**YOUR OBJECTIVE:** Copy each line below as it stands, but skip any picture it contains.

**INFORMATION PROVIDED:**

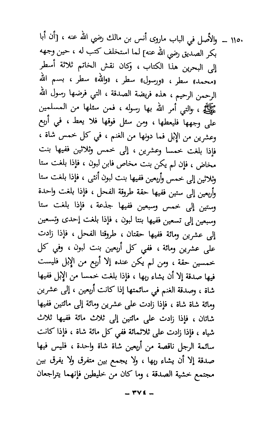 1150 - والأصل في الباب ما «روى أنس بن مالك - رَضِيَ اللَّهُ عَنْهُ -، [أن أبا بكر الصديق - رَضِيَ اللَّهُ عَنْهُ -] لما استخلف كتب له، حين وجهه إلى البحرين هذا الكتاب، وكان نقش الخاتم ثلاثة أسطر «محمد» سطر، «ورسول» سطر، «والله» سطر، بِسْمِ اللَّهِ الرَّحْمَنِ الرَّحِيمِ، هذه فريضة الصدقة، التي فرضها رسول الله - صَلَّى اللَّهُ عَلَيْهِ وَسَلَّمَ - والتي أمر الله بها رسوله، فمن سئلها من المسلمين على وجهها فليعطها، ومن سئل فوقها فلا يعط، في أربع وعشرين من الإبل فما دونها من الغنم، في كل خمس شاة، فإذا بلغت خمسا وعشرين، إلى خمس وثلاثين ففيها بنت مخاض، فإن لم يكن بنت مخاض فابن لبون، فإذا بلغت ستا وثلاثين إلى خمس وأربعين ففيها بنت لبون أنثى، فإذا بلغت ستا وأربعين إلى ستين ففيها حقة طروقة الفحل، فإذا بلغت واحدة وستين إلى خمس وسبعين ففيها جذعة، فإذا بلغت ستا وسبعين إلى تسعين ففيها بنتا لبون، فإذا بلغت إحدى وتسعين إلى عشرين ومائة ففيها حقتان، طروقتا الفحل، فإذا زادت على عشرين ومائة، ففي كل أربعين بنت لبون، وفي كل خمسين حقة، ومن لم يكن عنده إلا أربع من الإبل فليست فيها صدقة إلا أن يشاء ربها، فإذا بلغت خمسا من الإبل ففيها شاة، وصدقة الغنم في سائمتها إذا كانت أربعين، إلى عشرين ومائة شاة شاة، فإذا زادت على عشرين ومائة إلى مائتين ففيها شاتان، فإذا زادت على مائتين إلى ثلاث مائة ففيها ثلاث شياه، فإذا زادت على ثلاثمائة ففي كل مائة شاة، فإذا كانت سائمة الرجل ناقصة من أربعين شاة شاة واحدة، فليس فيها صدقة إلا أن يشاء ربها، ولا يجمع بين متفرق ولا يفرق بين مجتمع خشية الصدقة، وما كان من خليطين فإنهما يتراجعان
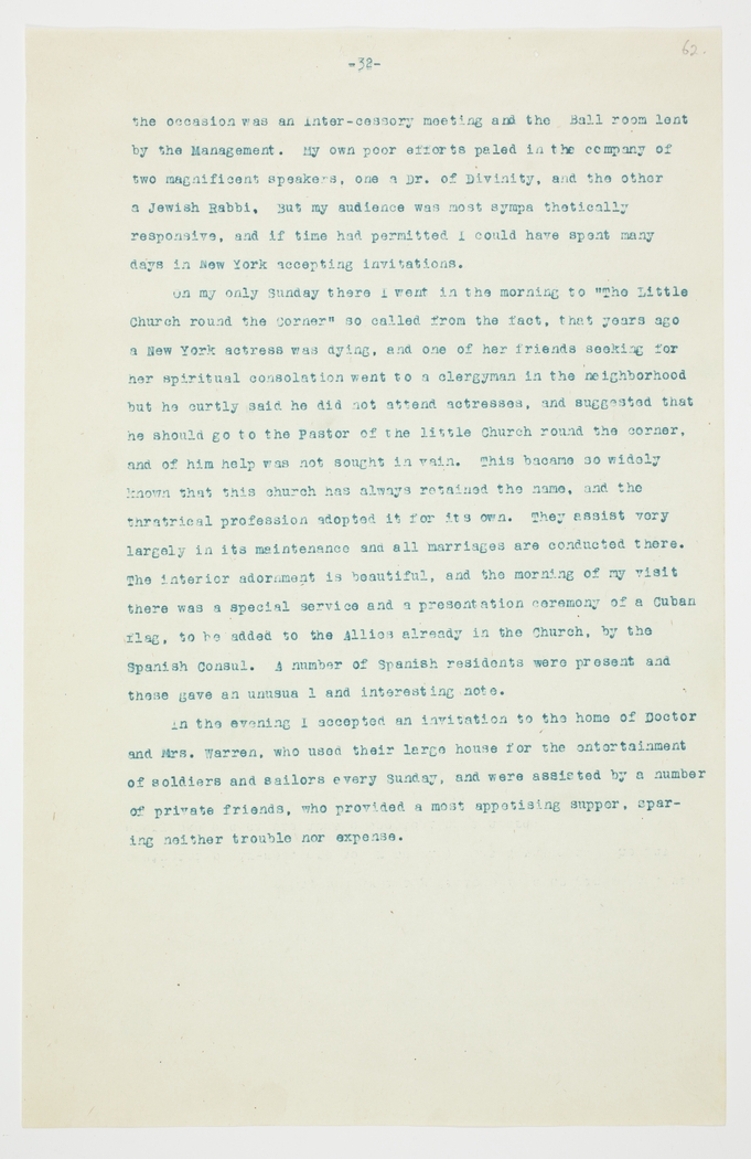 On my only Sunday there I went in the morning to "The Little Church round the Corner" so called from the fact, that years ago a New York actress was dying, and one of her friends seeking for her spiritual consolation went to a clergyman in the neighborhood but he curtly said he did not attend actresses, and suggested that he should go to the Pastor of the little Church round the corner, and of him help was not sought in vain. This became so widely known that this church has always retained the name, and the theatrical profession adopted it for its own. They assist very largely in its maintenance and all marriages are conducted there. The interior adornment is beautiful, and the morning of my visit there was a special service and a presentation ceremony of a Cuban flag, to be added to the Allies already in the Church, by the Spanish Consul. A number of Spanish residents were present and these gave an unusual and interesting note.
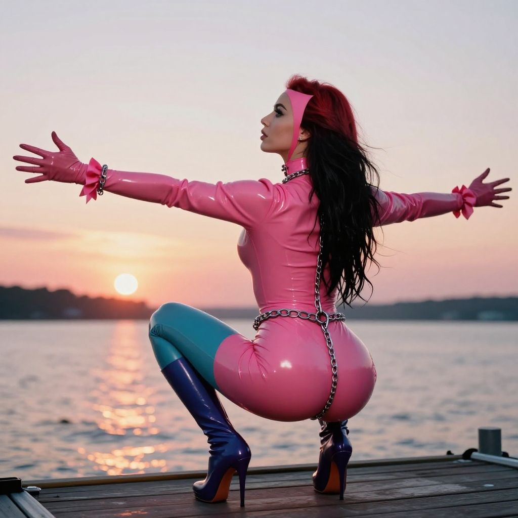 Cinematic photo cinematic photo cinematic photo raw photo, nsfw, 8k, hd, masterpiece, ultra realistic, from behind . 35mm photograph, film, bokeh, professional, 4k, highly detailed, side view, Sitting on a dock feet in the water watching the sunset with awe., 90-60-90, big breasted, 29 yo, beautiful bimbo sex drone femdom Mistress in pink total latex enclosure, long black red hair, different pose, high detailed eyes, high heel stiletto boots, bdsm chains, multicolored, wet suit, shoes, over-the-knee socks, ribbon-trimmed sleeves, Balancing on tiptoes with arms outstretched . 35mm photograph
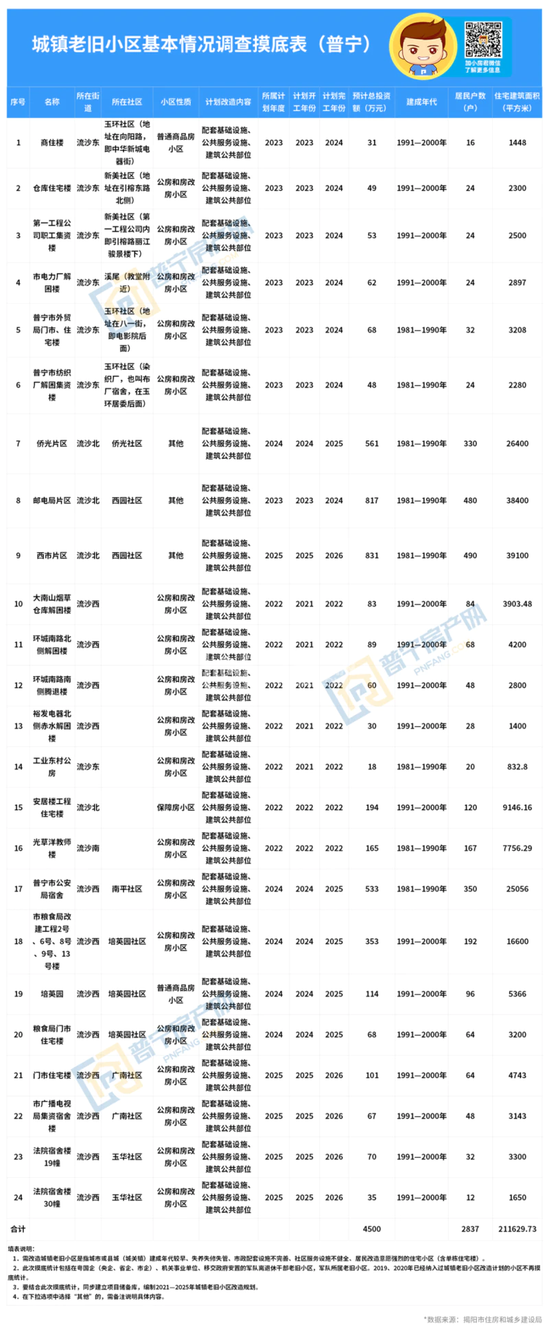 据小房君统计,普宁市有24个老旧小区需要改造,计划投资约4500万元,涉及总户数2837户,总建筑面积约211629.73平方米。其中2021年计划启动5个,2022年计划启动2个,2023年计划启动7个,2024年计划启动5个,2025年计划启动5个。计划改造内容均为配套基础设施、公共服务设施、建筑公共部位。一起来了解下:

**EXPECTED ANSWER:**
 1150 - والأصل في الباب ما «روى أنس بن مالك - رَضِيَ اللَّهُ عَنْهُ -، [أن أبا بكر الصديق - رَضِيَ اللَّهُ عَنْهُ -] لما استخلف كتب له، حين وجهه إلى البحرين هذا الكتاب، وكان نقش الخاتم ثلاثة أسطر «محمد» سطر، «ورسول» سطر، «والله» سطر، بِسْمِ اللَّهِ الرَّحْمَنِ الرَّحِيمِ، هذه فريضة الصدقة، التي فرضها رسول الله - صَلَّى اللَّهُ عَلَيْهِ وَسَلَّمَ - والتي أمر الله بها رسوله، فمن سئلها من المسلمين على وجهها فليعطها، ومن سئل فوقها فلا يعط، في أربع وعشرين من الإبل فما دونها من الغنم، في كل خمس شاة، فإذا بلغت خمسا وعشرين، إلى خمس وثلاثين ففيها بنت مخاض، فإن لم يكن بنت مخاض فابن لبون، فإذا بلغت ستا وثلاثين إلى خمس وأربعين ففيها بنت لبون أنثى، فإذا بلغت ستا وأربعين إلى ستين ففيها حقة طروقة الفحل، فإذا بلغت واحدة وستين إلى خمس وسبعين ففيها جذعة، فإذا بلغت ستا وسبعين إلى تسعين ففيها بنتا لبون، فإذا بلغت إحدى وتسعين إلى عشرين ومائة ففيها حقتان، طروقتا الفحل، فإذا زادت على عشرين ومائة، ففي كل أربعين بنت لبون، وفي كل خمسين حقة، ومن لم يكن عنده إلا أربع من الإبل فليست فيها صدقة إلا أن يشاء ربها، فإذا بلغت خمسا من الإبل ففيها شاة، وصدقة الغنم في سائمتها إذا كانت أربعين، إلى عشرين ومائة شاة شاة، فإذا زادت على عشرين ومائة إلى مائتين ففيها شاتان، فإذا زادت على مائتين إلى ثلاث مائة ففيها ثلاث شياه، فإذا زادت على ثلاثمائة ففي كل مائة شاة، فإذا كانت سائمة الرجل ناقصة من أربعين شاة شاة واحدة، فليس فيها صدقة إلا أن يشاء ربها، ولا يجمع بين متفرق ولا يفرق بين مجتمع خشية الصدقة، وما كان من خليطين فإنهما يتراجعان
 On my only Sunday there I went in the morning to "The Little Church round the Corner" so called from the fact, that years ago a New York actress was dying, and one of her friends seeking for her spiritual consolation went to a clergyman in the neighborhood but he curtly said he did not attend actresses, and suggested that he should go to the Pastor of the little Church round the corner, and of him help was not sought in vain. This became so widely known that this church has always retained the name, and the theatrical profession adopted it for its own. They assist very largely in its maintenance and all marriages are conducted there. The interior adornment is beautiful, and the morning of my visit there was a special service and a presentation ceremony of a Cuban flag, to be added to the Allies already in the Church, by the Spanish Consul. A number of Spanish residents were present and these gave an unusual and interesting note.
 Cinematic photo cinematic photo cinematic photo raw photo, nsfw, 8k, hd, masterpiece, ultra realistic, from behind . 35mm photograph, film, bokeh, professional, 4k, highly detailed, side view, Sitting on a dock feet in the water watching the sunset with awe., 90-60-90, big breasted, 29 yo, beautiful bimbo sex drone femdom Mistress in pink total latex enclosure, long black red hair, different pose, high detailed eyes, high heel stiletto boots, bdsm chains, multicolored, wet suit, shoes, over-the-knee socks, ribbon-trimmed sleeves, Balancing on tiptoes with arms outstretched . 35mm photograph
 据小房君统计,普宁市有24个老旧小区需要改造,计划投资约4500万元,涉及总户数2837户,总建筑面积约211629.73平方米。其中2021年计划启动5个,2022年计划启动2个,2023年计划启动7个,2024年计划启动5个,2025年计划启动5个。计划改造内容均为配套基础设施、公共服务设施、建筑公共部位。一起来了解下:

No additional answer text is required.